• PROBLEM: Please restate, exactly as they appear, only the lines from the one that contains "70kg台をキープ。同じ70" to the final line of the entries, with no pictures.

** Opening SOURCE INFORMATION block **

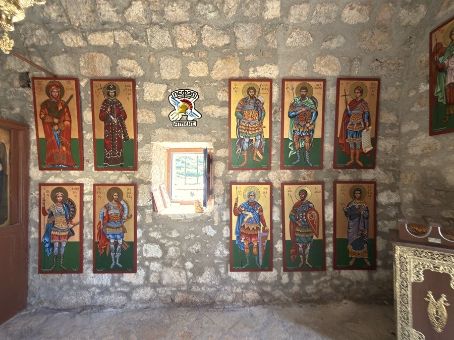 Η Λ.ΕΦ.Ε.Δ. Αττικής εκφράζει επίσης τη βαθύτατη ευγνωμοσύνη της προς την αγιογράφο Αικατερίνη Χαραλαμποπούλου, η οποία εργάστηκε ακούραστα, με βαθιά πίστη, εθελοντικό φρόνημα και αληθινή αγάπη για την Πατρίδα. Το έργο της ήταν μια πράξη ψυχής, μια έμπρακτη μαρτυρία ότι η Πίστη και το Χρέος μπορούν να μεταμορφωθούν σε δημιουργία ιερής αξίας. Η συμβολή της υπήρξε καθοριστική και την ευχαριστούμε θερμά.
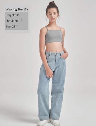 EXARUS 5/7 Pack Girls Padded/Unpadded Tank Tops Cropped/Full Length Stretchy Sleeveless Spaghetti Straps Cami Top 5
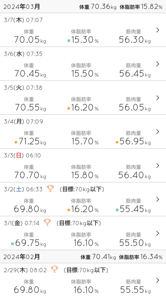 70kg台をキープ。同じ70kg台でも、以前よりも体脂肪率が若干下がってきた気がする…気のせい?
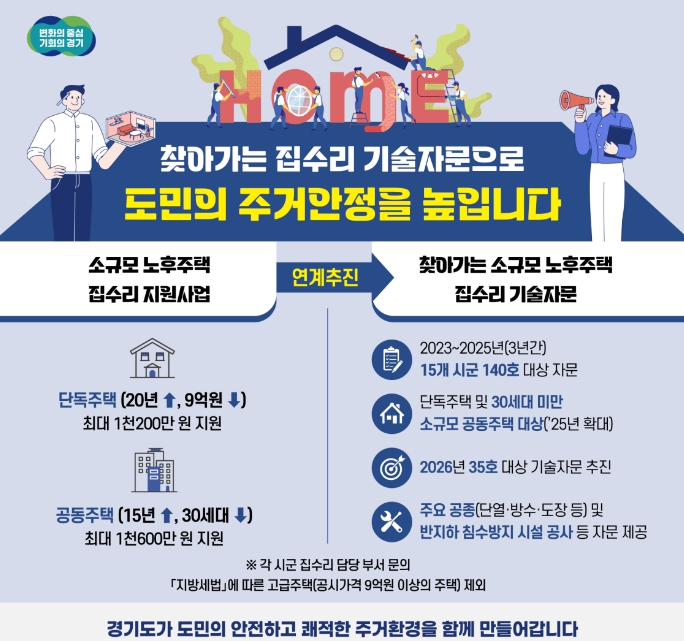 [코리아 이슈저널=홍춘표 기자] 경기도가 소규모 노후주택에 거주하는 도민들의 집수리 고민을 덜어주기 위해 찾아가는 무료 기술자문을 올해는 35곳에서 추진한다.
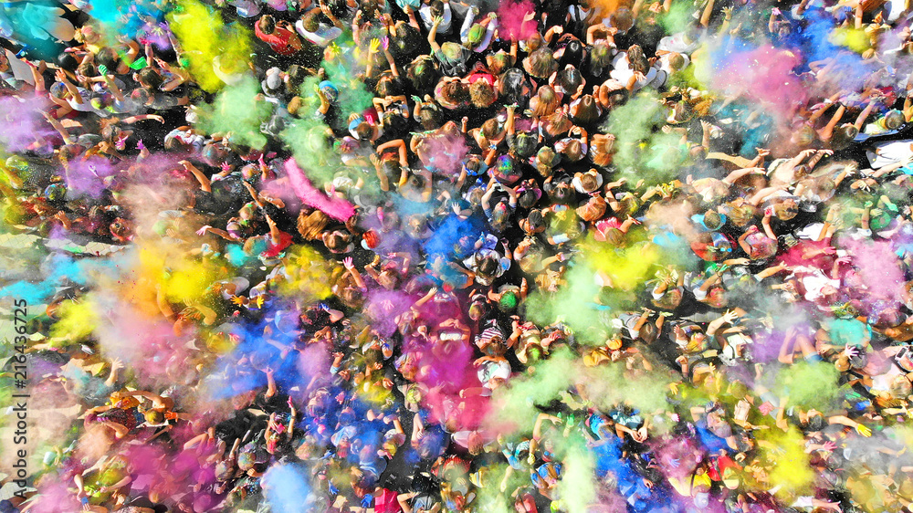 Aerial top view of a Holi Colors Festival. Splash of paint in a crowd of people view above.
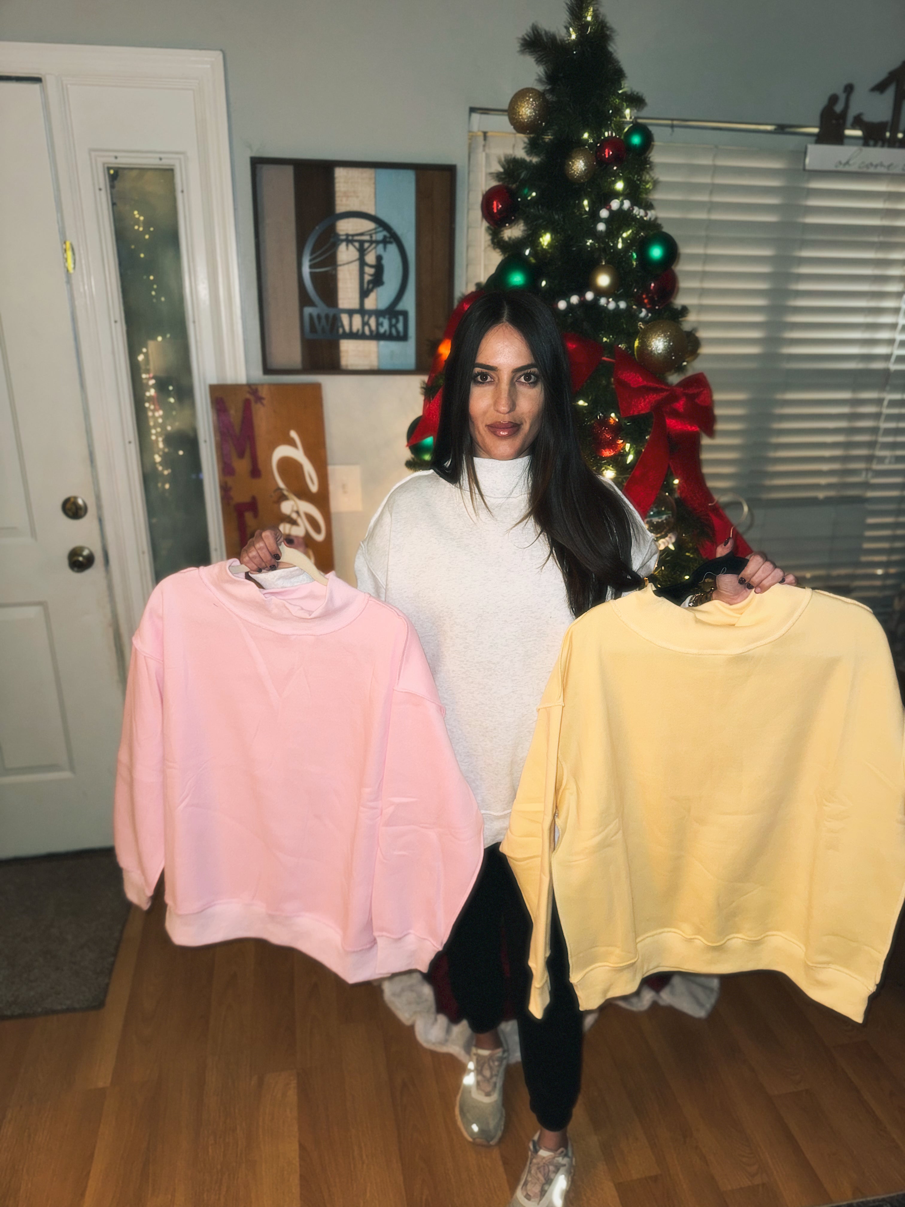 BLACK FRIDAY DEAL - Missy Mock Neck Sweatshirt - Pale Yellow
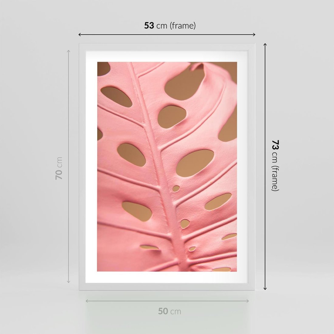 Plakat w ramie 50x70 - Różowa monstera w pełnym rozkwicie - różowa, monstera - rama biała
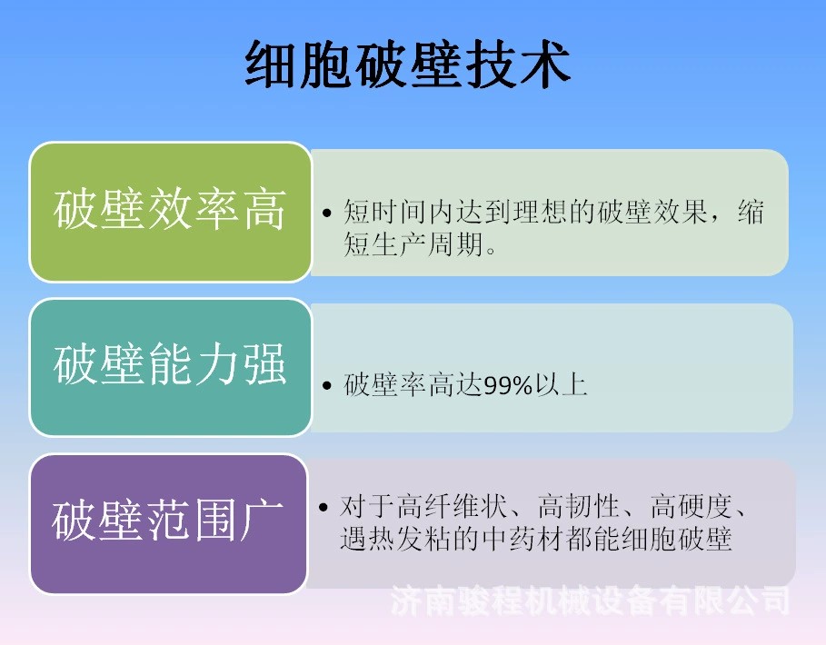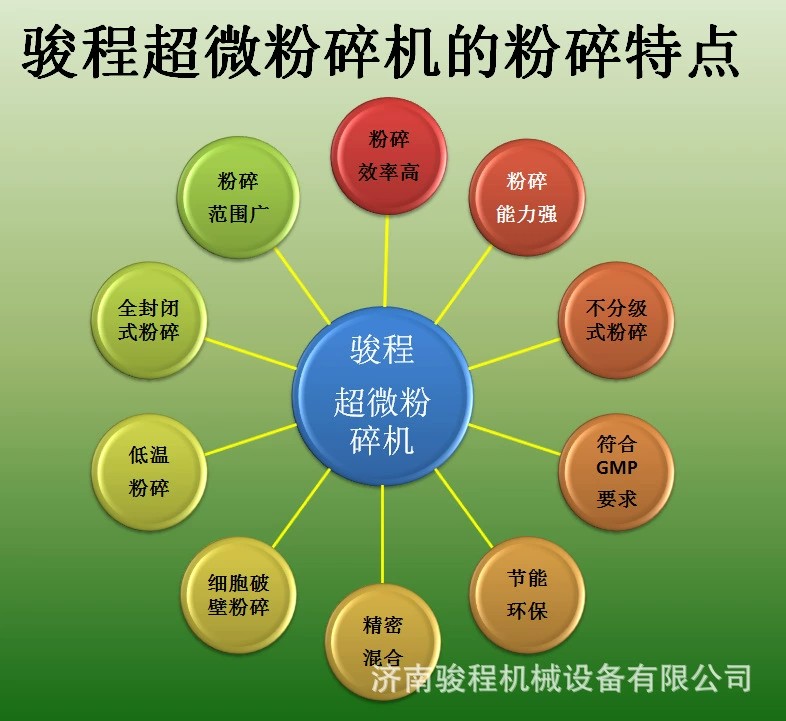 骏程虫草破壁超微粉碎机能使药材粒度达到细胞破碎级,使药物细胞间和细胞内有效成分直接释放出来,提高药物中有效成分的溶出速度和溶出率。采用全封闭多磨不筛技术粉碎,一次成粉,无余渣、无损耗。所得超微粉纯度高、防止成份偏析及损失。选用低温功能,粉碎设备能连续生产,保证了物料的色泽、品质、成分,可使升温后软化或发粘的药物易于粉碎。

** Closing SOURCE INFORMATION block **

• FINISHED EXERCISE:
 70kg台をキープ。同じ70kg台でも、以前よりも体脂肪率が若干下がってきた気がする…気のせい?
 [코리아 이슈저널=홍춘표 기자] 경기도가 소규모 노후주택에 거주하는 도민들의 집수리 고민을 덜어주기 위해 찾아가는 무료 기술자문을 올해는 35곳에서 추진한다.
 Aerial top view of a Holi Colors Festival. Splash of paint in a crowd of people view above.
 BLACK FRIDAY DEAL - Missy Mock Neck Sweatshirt - Pale Yellow
 Plakat w ramie 50x70 - Różowa monstera w pełnym rozkwicie - różowa, monstera - rama biała
 骏程虫草破壁超微粉碎机能使药材粒度达到细胞破碎级,使药物细胞间和细胞内有效成分直接释放出来,提高药物中有效成分的溶出速度和溶出率。采用全封闭多磨不筛技术粉碎,一次成粉,无余渣、无损耗。所得超微粉纯度高、防止成份偏析及损失。选用低温功能,粉碎设备能连续生产,保证了物料的色泽、品质、成分,可使升温后软化或发粘的药物易于粉碎。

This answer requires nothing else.